1. Have them write their names vertically on a sheet of paper. 

J

A

N

E

S

S

A


2. Ask them to write descriptive phrases of themselves for each letter. Janessa's looks like this:

Jr is my nickname that my dad gave to me when I was little. It stands for Janessa Renae.

A
crazy human being (that can sometimes be annoying)

N
ever has, never will like going to bed

E
ats lots of baked oatmeal because it is very "rumbly to my tumbly"

S
ugar is what I like best because it is good to eat but it is not good for you.

S
hopping is fun to do with Grandmom because she gets me anything I want.

A
n actress

3. You have a choice here.
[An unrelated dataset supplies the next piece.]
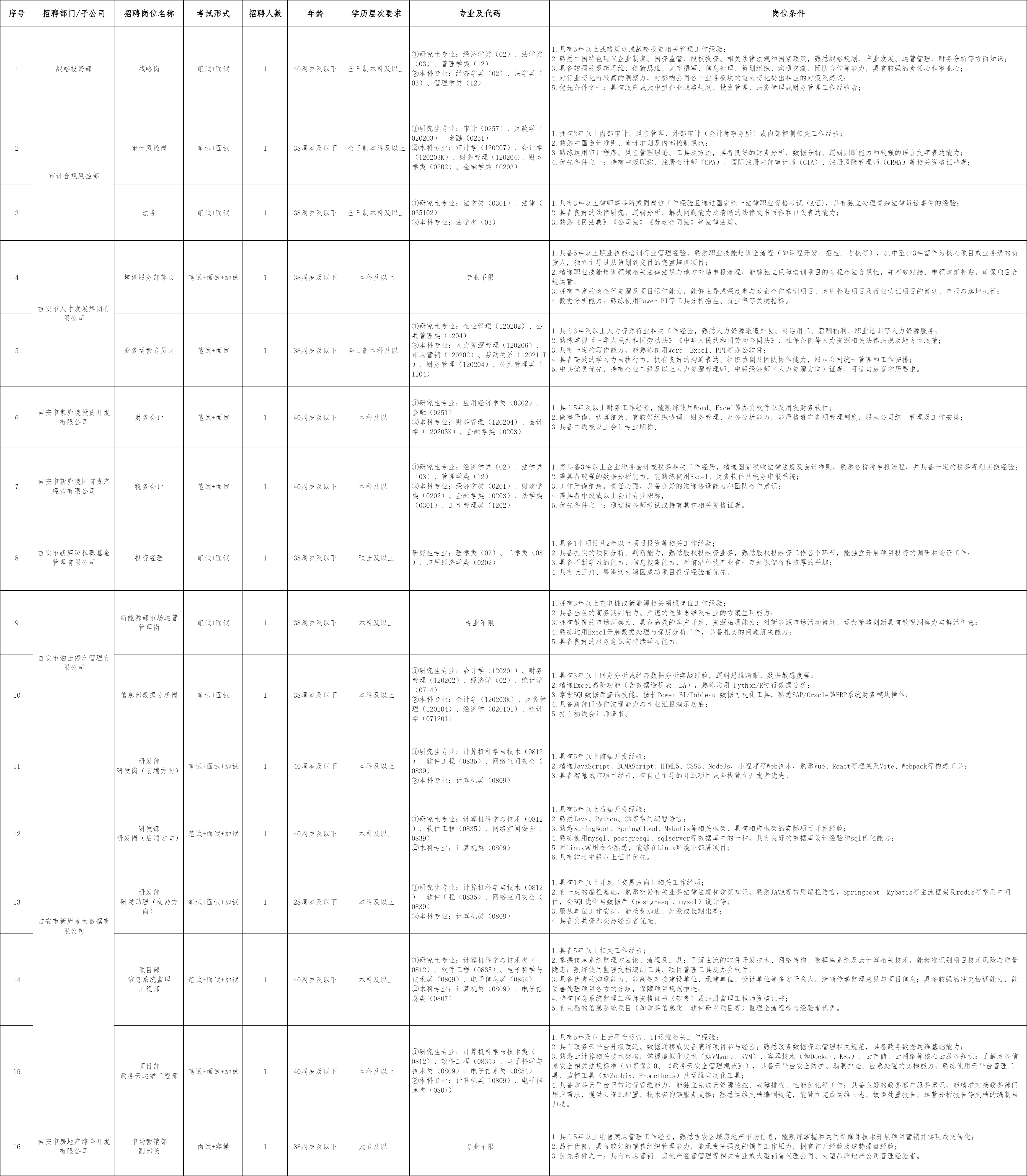 吉安市新庐陵投资发展有限公司成立于2009年,是市属国有综合性投资发展平台,公司注册资本10亿元,信用评级AA+。公司以“产业+资本+平台”为驱动,构建“城市建设、停车新能源、类金融服务、资产经营、数字运营、人才服务”六大业务板块,形成“1+8+N”集团化发展格局。连续三年荣获市属国有企业综合考核第一等次,获评“江西社会责任企业”等多项荣誉。根据业务发展需要,吉安市新庐陵投资发展有限公司及下属子公司决定面向社会公开招聘16名工作人员,现将有关事项公告如下:

You can accept the acrostics "as is," or you can encourage your writers to go beyond the first phrases spilled out on paper, revising some or all of the lines to make them more descriptive. Some kids will be open to toying with their work after setting it aside for a day.

Others might need a little push to revise. For them, you can make specific rules. Let's think of a few possibilities.
  • No word may be repeated.
  • The acrostic must include at least one strong verb, adjective, and adverb.
  • Include alliteration in one line.
A related idea:
Make an acrostic poem for something else you are studying. It could be a time period (Revolutionary War), a person (George Washington), a place (Pennsylvania), anything really.